2. Pemberian perlindungan hukum terhadap Hak atas Kekayaan Intelektual pada dasarnya dimaksudkan sebagai upaya untuk mewujudkan iklim yang lebih baik lagi bagi tumbuhan dan berkembangnya gairah mencipta atau menemukan suatu dibidang ilmu pengetahuan, seni, budaya dan sastra.
3. Pemberian perlindungan hukum terhdap Hak atas Kekayaan Intelektual bukan saja merupakan pengakuan negara terhadap hasil karya dan karsa manusia, melainkan secara ekonomi makro merupakan penciptaan suasana yang sehat untuk menarik penanaman modal asing, serta memperlancar perdagangan internasional. Begitu besarnya manfaat yang dirasakan dengan terlindungnya hak atas kekayaan intelektual para warga negaranya, maka setiap Negara akan mencoba memberikan perlindungan yang ketat.'

Prinsip Hak Kekayaan Intelektual

Sebagai cara untuk menyeimbangkan kepentingan dan peranan pribadi individu dengan kepentingan masyarakat, maka sistem Hak Kekayaan Intelektual berdasarkan pada prinsip :

1. Prinsip Keadilan (the principle of natural justice)
        Pencipta sebuah karya atau orang lain yang bekerja membuahkan hasil dari kemampuan intelektualnya, wajar memperoleh imbalan. Imbalan tesebut dapat berupa materi maupun bukan materi, seperti adanya rasa aman karena dilindungi dan diakui atas hasil karyanya. Hukum memberikan perlindungan tersebut demi kepentingan pencipta berupa suatu kekuasaan untuk bertindak dalam rangka kepentingannya trersebut, yang disebut hak. Setiap hak menurut hukum itu mempunyai title, yaitu suatu peristiwa tertentu yang menjadi alasan melekatnya hak itu pada pemiliknya. Menyangkut hak milik intelektual, maka peristiwa yang menajadi alasan melekatnya itu, adalah penciptaan yang mendasarkan atas kemampuan intelektualnya. Perlindungan ini pun tidak terbatas di dalam negeri si penemu sendiri, tetapi juga dapat perlindungan di luar batas negaranya. Hal itu karena hak yang ada pada seseorang ini mewajibkan pihak lain untuk melakukan (commission) atau tidak melakukan (omission) sesuatu perbuatan.
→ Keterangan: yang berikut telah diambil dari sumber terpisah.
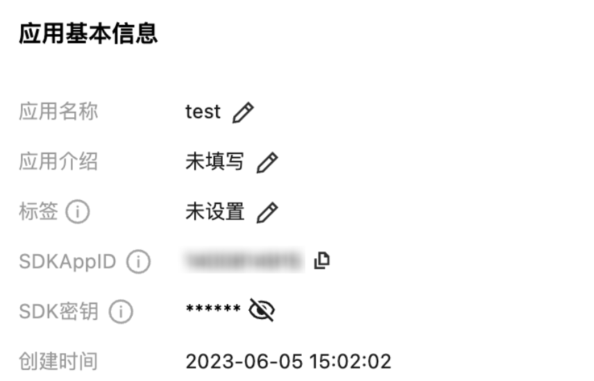 2. 应用创建完毕之后,您可以在 应用管理 > 应用概览中看到该应用的基本信息,其中需要您保管好 SDKAppID、SDK 密钥(SDKSecretKey)便于后续使用,同时应避免密钥泄露造成流量盗刷。

2. Prinsip Ekonomi (the economic argument)
Hak atas kekayaan intelektual ini merupakan hak yang berasal dari hasil kegiatan kreatif suatu kemampuan daya pikir manusia yang diekspresikan kepada khalayak hukum dalam berbagai bentuknya, yang memiliki manfaat serta berguna dalam menunjang kehidupan manusia, maksudnya ialah bahwa kepemilikan itu wajar karena sifat ekonomis manusia yang menjadikan hal itu 1 (satu) keharusan untuk menunjang kehidupannya didalam masyarakat. Dengan demikian, Hak atas Kekayaan Intelektual merupakan suatu bentuk kekayaan bagi peliliknya. Dari kepemilikannya, seseorang akan mendapatkan keuntungan, misalnya dalam bentuk pembayaran royalty dan technical fee.
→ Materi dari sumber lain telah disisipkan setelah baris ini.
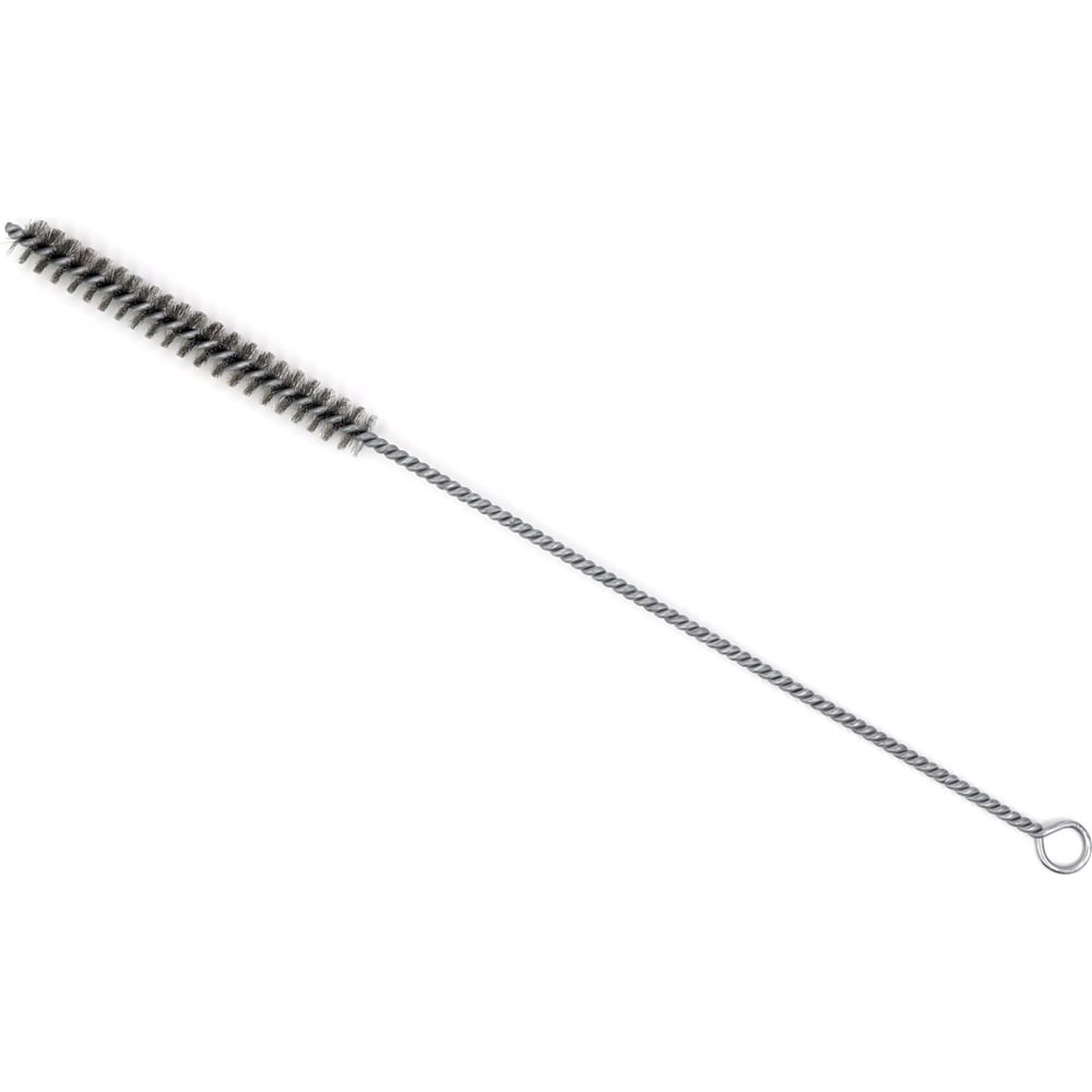 Щетка-ерш применяется для очистки цилиндрических поверхностей из нержавеющий сталей, алюминия, отверстий, прочистки трубок, шлангов, удаления заусенцев и подобных работ. Исполнение: с хвостовиком + кольцо Назначение: зачистка/Очистка Обрабатываемый материал: нержавеющая сталь/алюминий Диаметр D, Д (мм): 12 Размер A, E (мм): 100 Посадочный диаметр B, G, F (мм): хвостовик с кольцом Материал ворса щетки: сталь нержавеющая Диаметр ворса (мм): 0.12 Тип (форма) ворса: гофрированный (волнистый)

3. Prinsip kebudayaan (the cultural argument)
       Kita mengonsepsikan bahwa karya manusia itu pada hakikatnya bertujuan untuk memungkinkannya hidup, selanjutnya dari karya itu pula akan timbul pula suatu gerak hidup yang harus menghasilkan lebih banyak karya lagi. Dengan konsepsi demikian maka pertumbuhan,perkembangan ilmu pengetahuan,seni, dan sastra sangat besar artinya bagi peningkatan taraf kehidupan, peradaban, dan martabat manusia. Selain itu, juga kan memberikan keslahatan bagi masyarakat, bangsa, dan Negara. Pengakuan atas kreasi, karya, karsa, dan cipta manusia yang dibaukan dalam sistem Hak Milik Intelektua adalah suatu usaha yang tidak dapat dilepaskan sebagai perwujudan suasana yang
diharapkan mampu membangkitkan semangat dan minat untuk mendorong melahikan ciptaan baru.36

4. Prinsip sosial (the social argument)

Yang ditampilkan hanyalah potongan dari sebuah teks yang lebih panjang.